THE TASK:
Repeat the listing exactly. Do not carry over any pictures.

EXERCISE INPUTS:
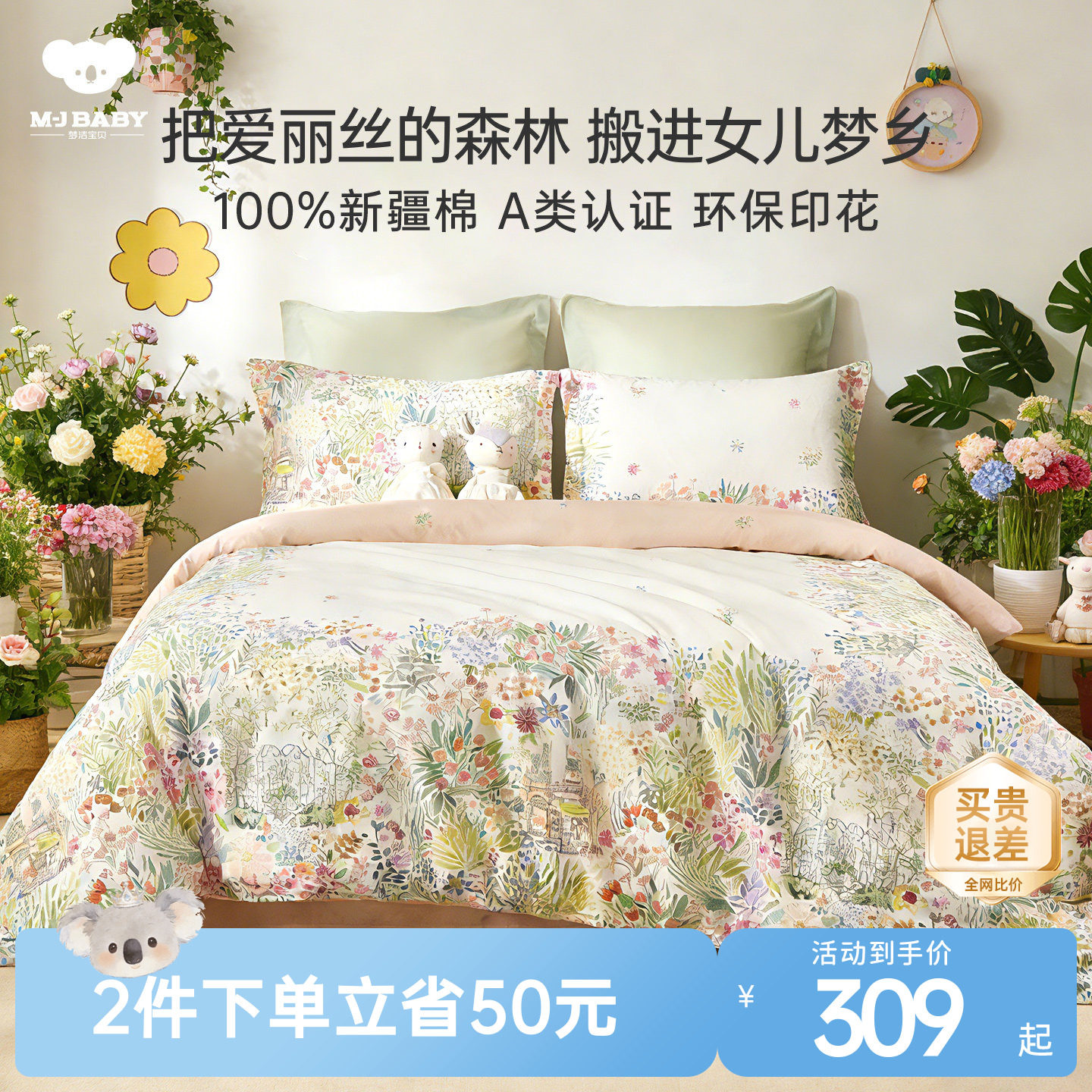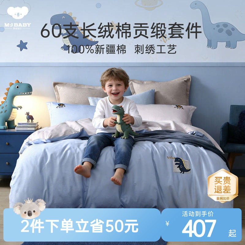 梦洁宝贝儿童四件套长绒棉纯棉贡缎男女孩全棉被套床上三件套正品
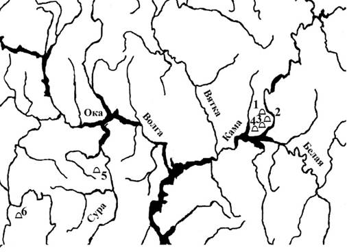 Рисунок 2 – Территория распространения палашей в Волго-Камском междуречье. 1 – Афонинский могильник; 2 – Тарасовский могильник; 3 – могильник Нырганда II; 4 – могильник Чеганда II; 5 – Андреевский курган; 6 – Кошибеевский могильник
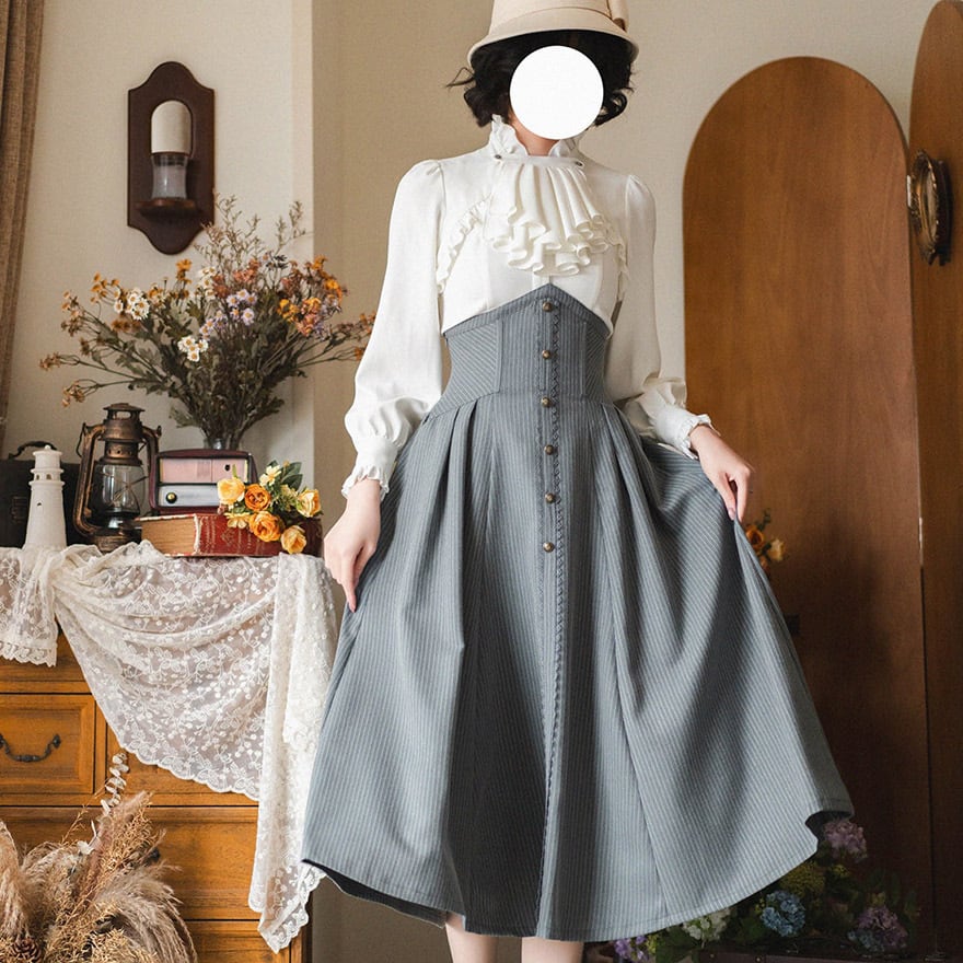 大きなリボンと、幾重にも重なったフリルのジャボ、二種類の付け替え可能なネックアクセサリーがセットになったクラシカルブラウスです。
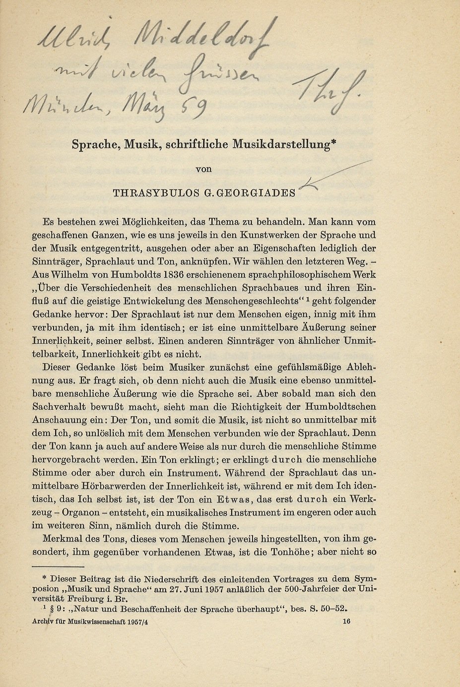 Trossingen, Verlag Archiv für Musikwissenschaft, 1957, in-8, br., pp. (7). Estratto con invio autografo dell'Autore.
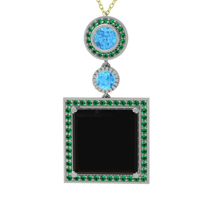 Siyah zirkon, akuamarin ve yeşil kuvars 925 ayar gümüş kolye (40 cm altın rolo zincir)
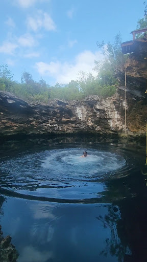 Read moreCrystal clear ocean swimming water in rock hole. Crabs and small fish present on the rocks and in the water. Entrance is a wooden jumping platform, at least 10 feet above the water. Exit is a precarious rope ladder with slippery wooden rungs set far apart (difficult for anyone who is shorter) ending to a rope with knots up to another wooden platform or the prospect of maneuvering yourself to a worn rock ledge to the right of the ropes to climb the rest of the way up, using tree roots as handrails. It will be difficult for all but the most physically capable. Visited on a weekday in the late afternoon, and had the hole to myself. 3 couples in cars visited, but did not get out; might be popular "parking" spot in the evenings. Limited parking on gravel. No restroom or any other facilities available. Recommend to bring along own water to drink, bug spray, waterproof camera, swim shoes with good traction, and a personal...

RESULT FOR THIS EXERCISE:
 梦洁宝贝儿童四件套长绒棉纯棉贡缎男女孩全棉被套床上三件套正品
 Рисунок 2 – Территория распространения палашей в Волго-Камском междуречье. 1 – Афонинский могильник; 2 – Тарасовский могильник; 3 – могильник Нырганда II; 4 – могильник Чеганда II; 5 – Андреевский курган; 6 – Кошибеевский могильник
 大きなリボンと、幾重にも重なったフリルのジャボ、二種類の付け替え可能なネックアクセサリーがセットになったクラシカルブラウスです。
 Trossingen, Verlag Archiv für Musikwissenschaft, 1957, in-8, br., pp. (7). Estratto con invio autografo dell'Autore.
 Siyah zirkon, akuamarin ve yeşil kuvars 925 ayar gümüş kolye (40 cm altın rolo zincir)
 Read moreCrystal clear ocean swimming water in rock hole. Crabs and small fish present on the rocks and in the water. Entrance is a wooden jumping platform, at least 10 feet above the water. Exit is a precarious rope ladder with slippery wooden rungs set far apart (difficult for anyone who is shorter) ending to a rope with knots up to another wooden platform or the prospect of maneuvering yourself to a worn rock ledge to the right of the ropes to climb the rest of the way up, using tree roots as handrails. It will be difficult for all but the most physically capable. Visited on a weekday in the late afternoon, and had the hole to myself. 3 couples in cars visited, but did not get out; might be popular "parking" spot in the evenings. Limited parking on gravel. No restroom or any other facilities available. Recommend to bring along own water to drink, bug spray, waterproof camera, swim shoes with good traction, and a personal...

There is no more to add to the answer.